Who is conducting and sponsoring this project?
- The Faculty, Academic Career, and Environments (FACE) is a project of the Pullias Center for Higher Education at the University of Southern California, in collaboration with the University of Alabama and RTI International.
- The project is funded by the National Science Foundation.
What is the Faculty, Academic Career, and Environments (FACE) Project?
The purpose of the FACE Project is to design and test the methods and survey items for a nationally representative study of faculty and academic personnel encompassing instructional, research and public service staff in permanent or temporary positions in the United States who may or may not have a faculty title. While the faculty role is commonly understood as encompassing responsibilities such as teaching, research, and/or service, there are vast differences in the careers and work experiences of academic personnel based on the institutions where they work, the structure of their workload, the supports available to them, employment conditions such as contract length and benefits, and the backgrounds and experiences they bring to the work. All of these differences are crucial to capture, which is why it’s important for us to ensure that the study reaches and is relevant for academic workers across institution types and employment situations.
Why study faculty and academic personnel?
Faculty/academic personnel are critical to the success of the higher education enterprise. They teach undergraduate and graduate students, further knowledge through research, and serve the communities they work in. In other words, faculty success contributes to student success, innovation, and helping communities thrive.
Whom do you include in your definition of faculty?
- We use the term “faculty” broadly to capture part-time and full-time employees in higher education whose primary responsibilities are focused on one or more areas of the academic triad model: teaching, research and scholarship, and/or service and community outreach.
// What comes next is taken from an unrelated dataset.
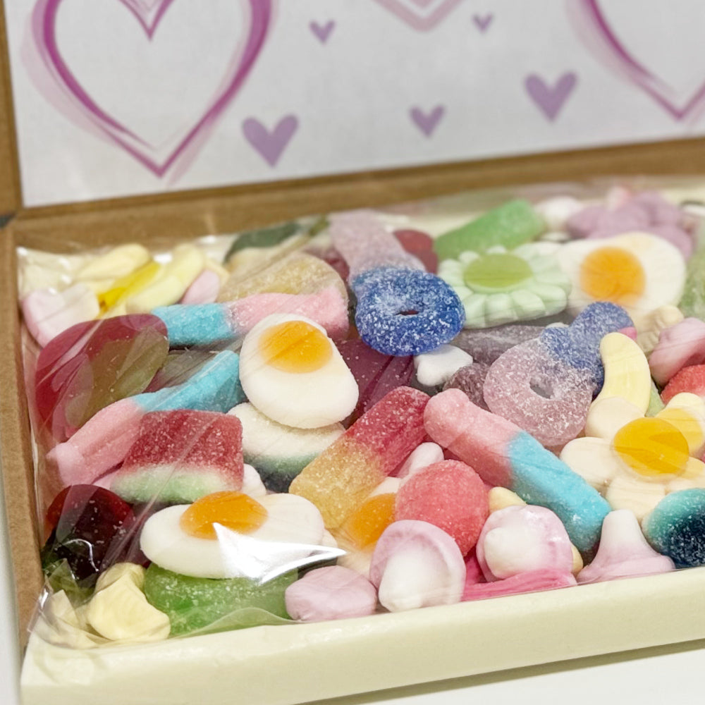 Surprise someone special with our delightful gift box filled with assorted sweets and candies. Each box features a beautifully designed label adorned with hearts, with the option to add your own heartfelt message. Available in two convenient sizes, the sweets are hygienically sealed in plastic bags to ensure long-lasting freshness. Perfect for birthdays, celebrations, or just because—this sweet box is a thoughtful and delicious way to show you care.

We are interested in better understanding part-time and full-time adjuncts, instructors, lecturers, research scientists, extension faculty (also called public outreach faculty), and other academic personnel whose roles in classrooms, labs, and extension sites serve the core mission of higher education.
- In some contexts, the term “faculty” is reserved for tenured and tenure-track employees or for full-time instructional staff. We believe that such distinctions create false hierarchies among members of the academic workforce that are unproductive; if you do faculty-like work, we want to hear from you.
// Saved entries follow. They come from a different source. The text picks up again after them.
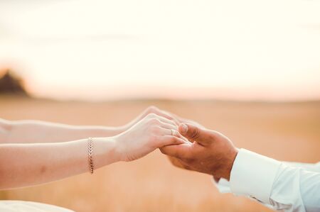 Close-up of a loving couple holding hands on the background of the setting sun
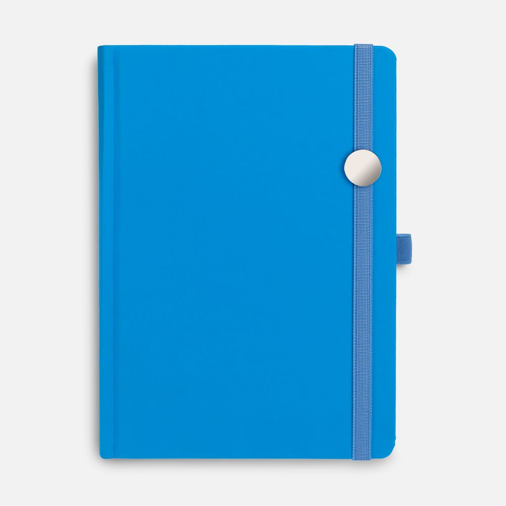 Ежедневник с твердой обложкой без поролона, выполнен из материала Soft Touch Ultra, голубой JJ, дополнен резинкой шириной 1 см, петлей-резинкой для ручки, капталом и ляссе голубого цвета.
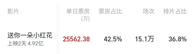 由灯塔数据可知,《小红花》单日放映场次为13万场左右、排片占比维持在30%,上映首日上座率达50%,上映首日便拿下2.36亿票房,成为元旦档冠军。
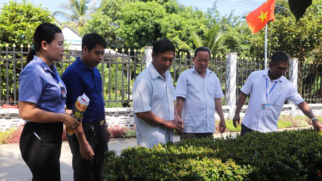 | Người dân tham gia chăm sóc cây xanh thực hiện mô hình "3 xanh, 4 có, 5 không" trên địa bàn xã Hòa Mỹ, huyện Phụng Hiệp. |
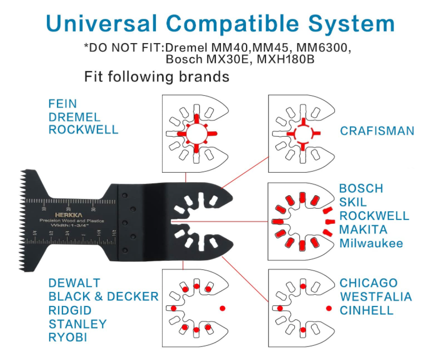 Universal Compatible System - Our quick release saw blades are compatible with many oscillating tools in the market, such as Fein Multimaster, Ryobi, Milwaukee, Hitachi, Black & Decker, Chicago, Craftsman, Dewalt and More.

What is the Delphi Project on the Changing Faculty and Student Success?
FACE is one part of this larger long-term project to support faculty nationally. The Delphi Project is dedicated to enhancing awareness about changing faculty trends using research and data to better support faculty off the tenure track and to help create new faculty models to support higher education institutions in the future. It is a partnership with The American Association of Colleges and Universities which began in 2011. It has hundreds of resources to help better support the professoriate, please click this link for more information.
The study sounds somewhat similar to other surveys of faculty (e.g., COACHE, FSSE, HERI Faculty Survey). What additional insights would the FACE survey provide?
- First, institutions selected for the sample may participate in FACE without paying a fee.
- Second, we include a broad population of academic staff including both part-time and full-time instructors, research staff, and community educators. Other surveys are limited to only some of these populations, leading to an incomplete understanding of the people doing faculty work on campus.
- Our sample includes a wide range of postsecondary institutional types, including:
- Public and private not-for-profit;
- 2- and 4-year institutions;
- Minority serving institutions and predominately white institutions;
- Land-grant and non-land grant institutions; and
- Across Carnegie classifications.
Each survey has a different focus: COACHE surveys focus on either job satisfaction or retention of faculty; FSSE focuses on faculty’s perceptions of student engagement. FACE is distinct in that it focuses much more broadly on faculty’s experiences at work– whether they have the resources they need to do their job well, how much they participate in decision-making in the department/program, what types of teaching practices they use– in addition to their career trajectory and overall career satisfaction.